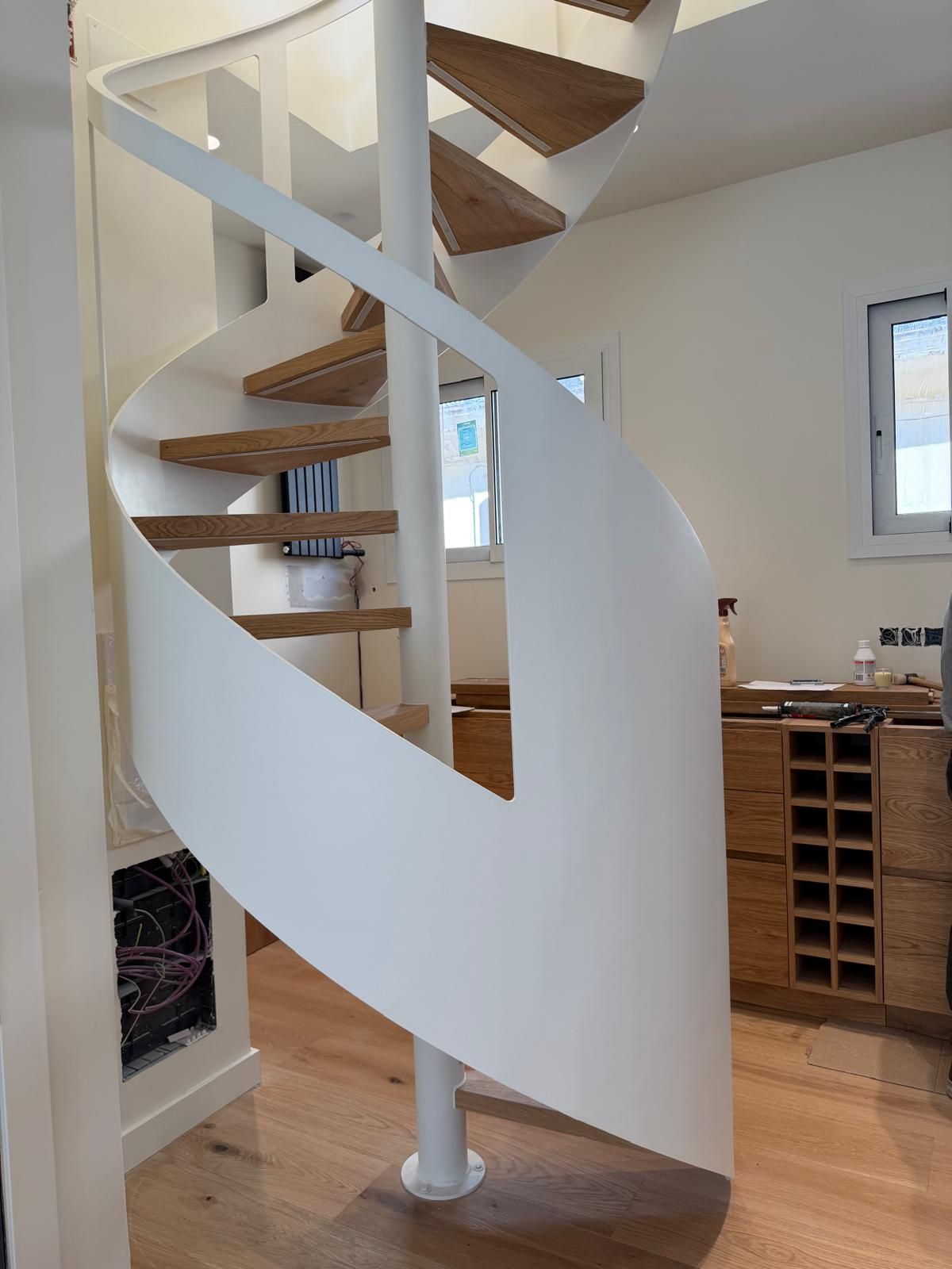 Las escaleras helicoidales se caracterizan por su forma curva continua sin eje central visible, lo que aporta una estética moderna y ligera. Son ideales para:
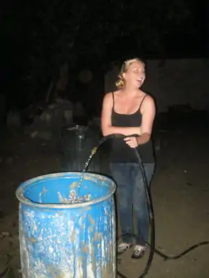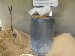 Soak paper in water and lime. Approximately 1/8 bag of lime was used in a 55 gallon barrel full of paper and water. Paper should be soaked overnight before pulping, although we also experimented with dry-pulping paper. |
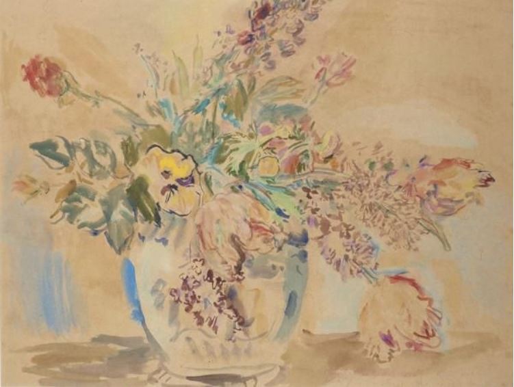 Oskar Kokoschka (1886-1980). Color "for your winter of exile' is pencilled on the watercolor which Maria Caroline Rosé-Schmutzer (1909-1999) treasures. It was sent by the painter to professor Alfred Eduard Rose (1902-1975)'s father, Arnold Josef Rose (1863-1946), the eminent concertmaster of the Vienna Philharmonic Orchestra (VPO) who fled to England.
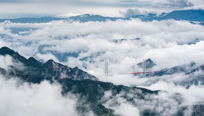 乌蒙山峭壁耸立,北盘江蜿蜒其中,地险天成。位于六盘水市境内的世界第一高桥——北盘江大桥,既是山间令人惊叹的一道风景,又是山里人安全外出的一条“天路”。
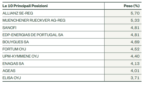 Le prime 10 posizioni in portafoglio detengono circa il 20%.
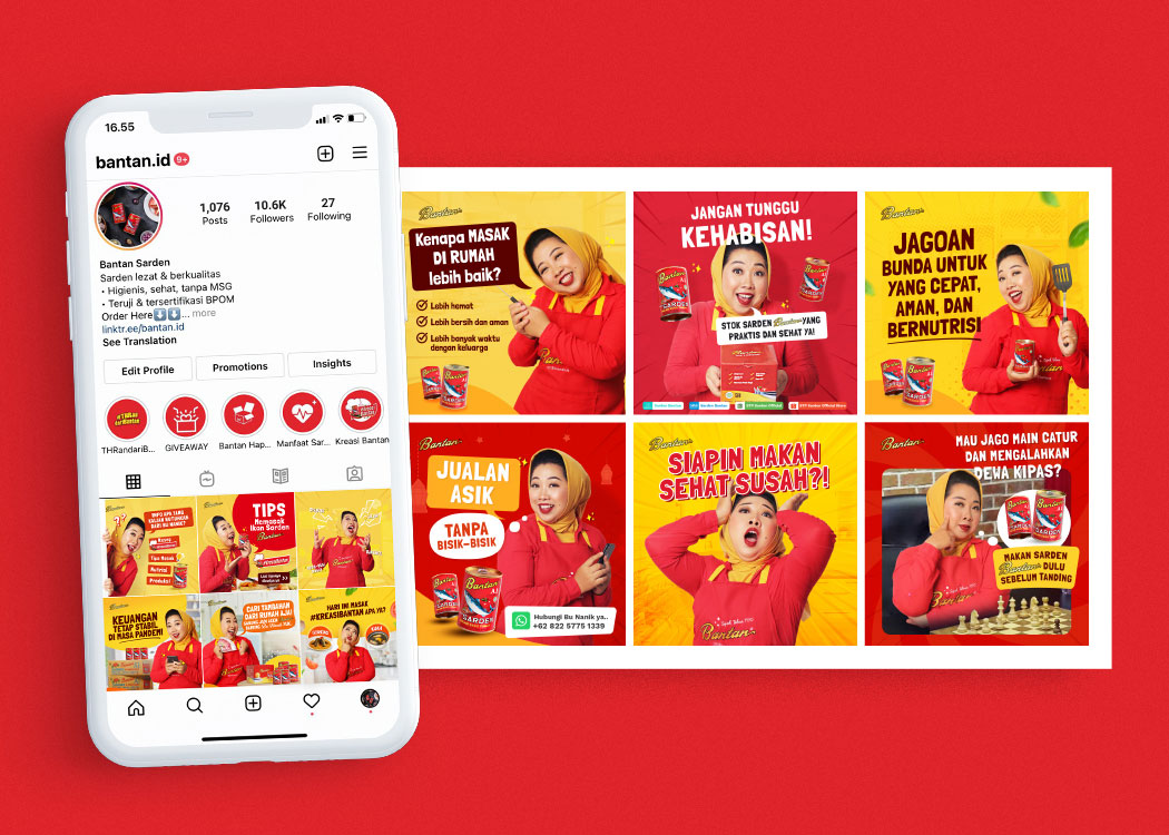Persona Bu Nanik digunakan untuk berbagai konten di sosial media brand Bantan Sarden, juga untuk fitur GIF .
************
**Instructions for the task:** Please copy exactly the lines from the one containing "Oskar Kokoschka (1886-1980)." through the last line of the records above, both included, and leave out any pictures.

**Expected output:**
 Oskar Kokoschka (1886-1980). Color "for your winter of exile' is pencilled on the watercolor which Maria Caroline Rosé-Schmutzer (1909-1999) treasures. It was sent by the painter to professor Alfred Eduard Rose (1902-1975)'s father, Arnold Josef Rose (1863-1946), the eminent concertmaster of the Vienna Philharmonic Orchestra (VPO) who fled to England.
 乌蒙山峭壁耸立,北盘江蜿蜒其中,地险天成。位于六盘水市境内的世界第一高桥——北盘江大桥,既是山间令人惊叹的一道风景,又是山里人安全外出的一条“天路”。
 Le prime 10 posizioni in portafoglio detengono circa il 20%.
Persona Bu Nanik digunakan untuk berbagai konten di sosial media brand Bantan Sarden, juga untuk fitur GIF .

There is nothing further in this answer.